Search code examples
regexperlbackreferencecapturing-group

how to fetch inner values from Regex nested backreference


I receive input from the server in the following manner (sample input data):

[1284336000]: host1;event1;flag;state;counter;errors or warnings
[1284336000]: host2;event1;flag;state;counter;errors or warnings
[1284336000]: host1;event2;flag;state;counter;errors or warnings
[1284336000]: host2;event2;flag;state;counter;errors or warnings

I have to match the input and based on the match, create a variable with a value hostname-eventname.

My Regex

^\[\d+\]:\s((host1);(event1)|(host2);(event2)|(host3);(event2)|(host2);(event1));(\w+);(\w+);(\d).+$

I want the name of the host and event separately in reference variables like $2 or $3.

For example, consider this input:

[1284336000]: host1;event1;flag;state;counter;errors or warnings

I need to create a variable with a name <hostname-eventname> according to the hostname and eventname fetched from the match above.

Say,

$myVar=$2-$3  (that is, $myVar=host1-event1)

I cannot apply any split operation any further. So no programming: I can only read input data. And yes, the regex is of Perl regex type.
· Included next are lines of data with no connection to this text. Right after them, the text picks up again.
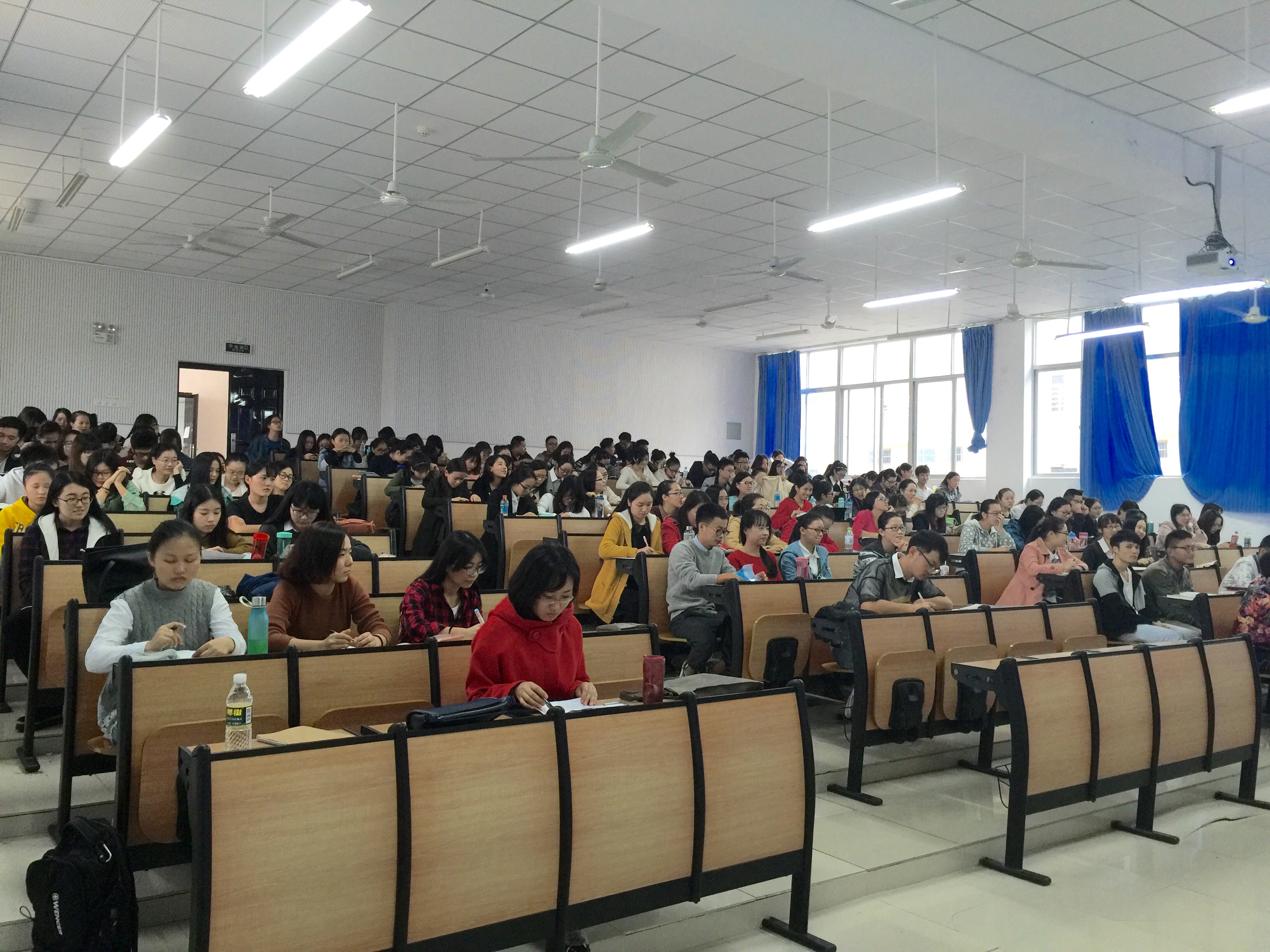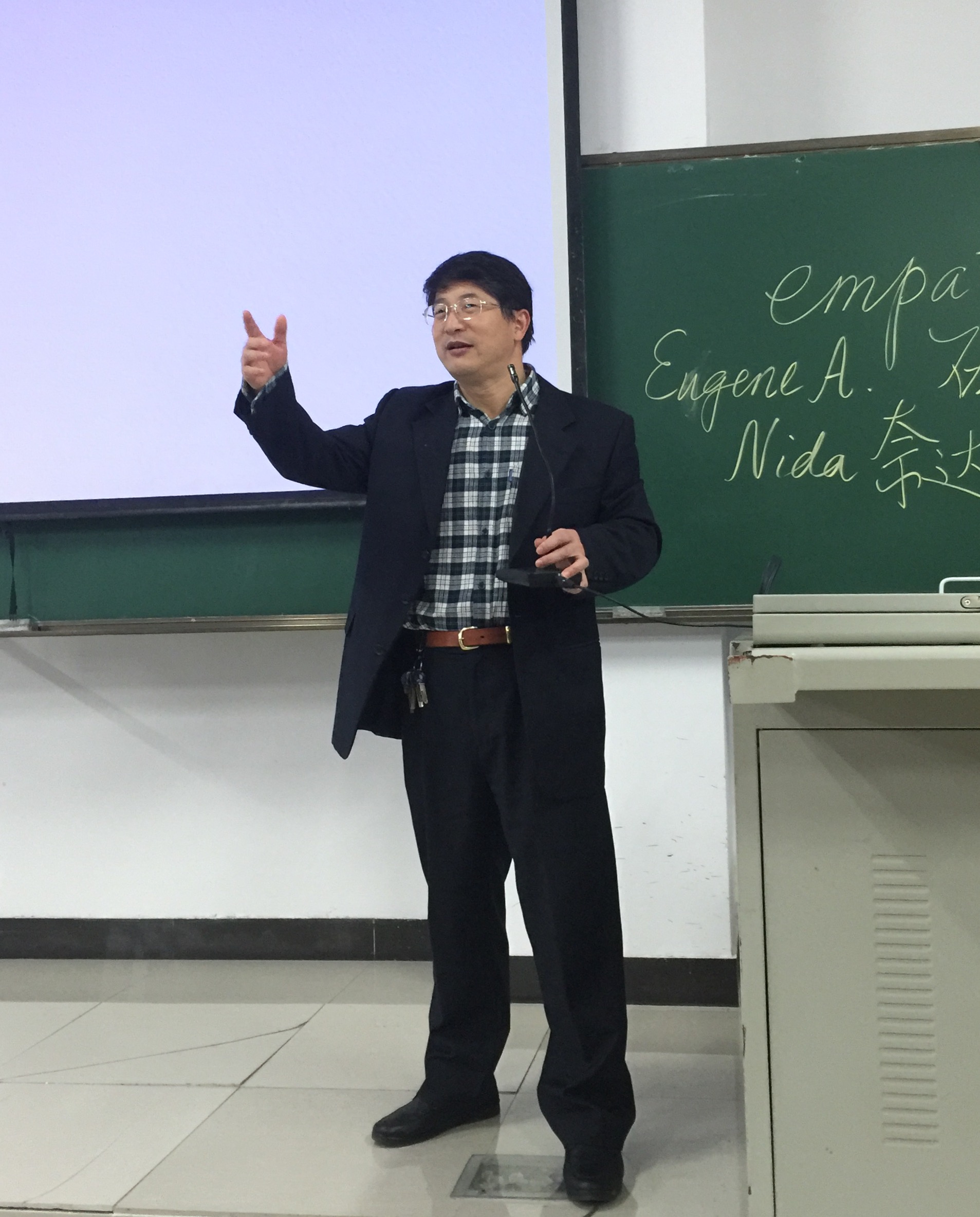 李明教授从翻译的角度谈跨文化交际,主题是“情动于中而行于言——小说翻译中的移情与表达”,讲了三个大方面,分别是前言、小说移情的理据、小说翻译中的移情实例。他认为,做好翻译并不是翻字典查单词简单堆砌这么浅显,真正好的翻译作品是需要很多知识背景的,而跨文化的知识与语言学课程的学习是尤其重要的,只有雄厚的知识基础,才能在语义语用方面掌握机理并达到成功。在随后的讲解中,他更是着重于“移情”的透析,引经据典,并将学生们日常使用的微信语言加以比较,语言诙谐幽默,贴近生活却又能带领学生的思维步步深入。在互动环节中,同学们更是争相回答问题,课堂气氛非常活跃,同学们精神饱满,并认真做着笔记。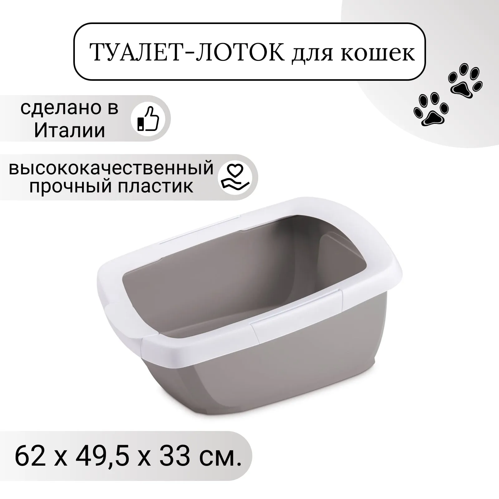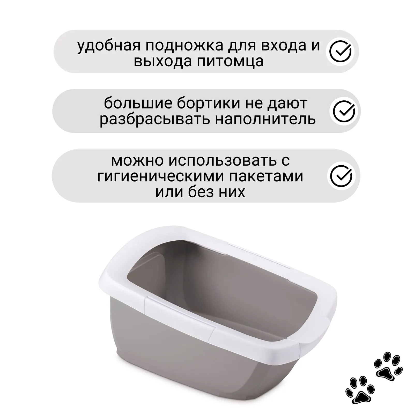 Открытый туалет для кошек крупных пород. Оборудован удобной подножкой для входа и выхода питомца. Возможно использовать с гигиеническими пакетами или без них.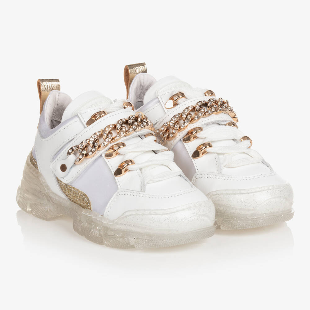 White leather trainers for teen girls with textile panels and rubberised logo patches from Monnalisa. These fashion-forward trainers have chunky clear rubber soles with silver glitter for a touch of sparkle and embellished chain detailing across the velcro strap. For extra glamour, gold pull tabs, lace loops and glitter paneling add contrast to the timelessly classic white trainers. To ensure comfort, they are lined with durable leather and have adjustable laces.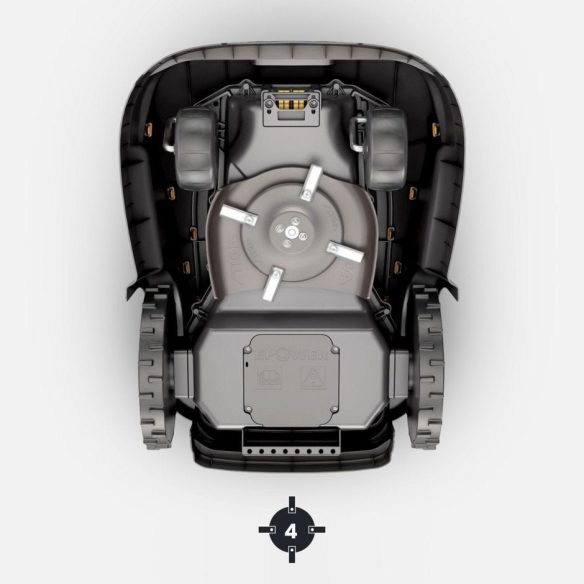 Huoltoa varten tukeva ulkokuori on helppo irrottaa ilman työkaluja. Jos koneen runko on puhdistettava suoralla vesivirtauksella, varmista, että robotti pysyy työasennossaan (vaakasuorassa, pyörät alaspäin). Jos puhdistat vain terät, käytä harjaa. Suoria vesivirtoja ei saa käyttää, kun robotti on ylösalaisin.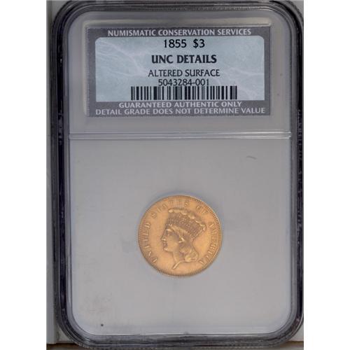 <B>1855<$3>--Altered Surface--NCS. Uncirculated Details.</B></I> This piece is nearly devoid of luster due to some sort of sandblasting or pickling process. Otherwise, nicely detailed without wear.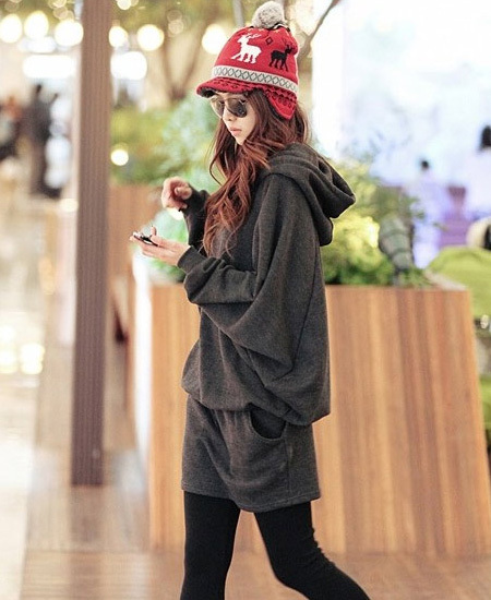 上身蝙蝠袖 连帽 拉链开襟 字母装饰,下身收身短裙,秋季气质修身款。并使用简单、轻质、柔软的优质毛圈面料,舒适贴身。颜色有黑色 灰色 主流百搭色,在这一季搭配长靴 马丁靴 帅气时尚气质。

I don't know if I clarified my query or not?


Solution

  • You need to use the branch-reset operator, (?|…|…|…):

    ^\[\d+\]:\s(?|(host1);(event1)|(host2);(event2)|(host3);(event2)|(host2);(event1));(\w+);(\w+);(\d).+$
    

    Or more legibly:

    m{
        ^ \[ \d+ \] : \s
        (?| (host1);(event1)  # $1, $2
          | (host2);(event2)  # $1, $2
          | (host3);(event2)  # $1, $2
          | (host2);(event1)  # $1, $2
        )
        ;
        (\w+);(\w+)           # $3, $4
        ; (\d)                # $5
        .+ $
    }x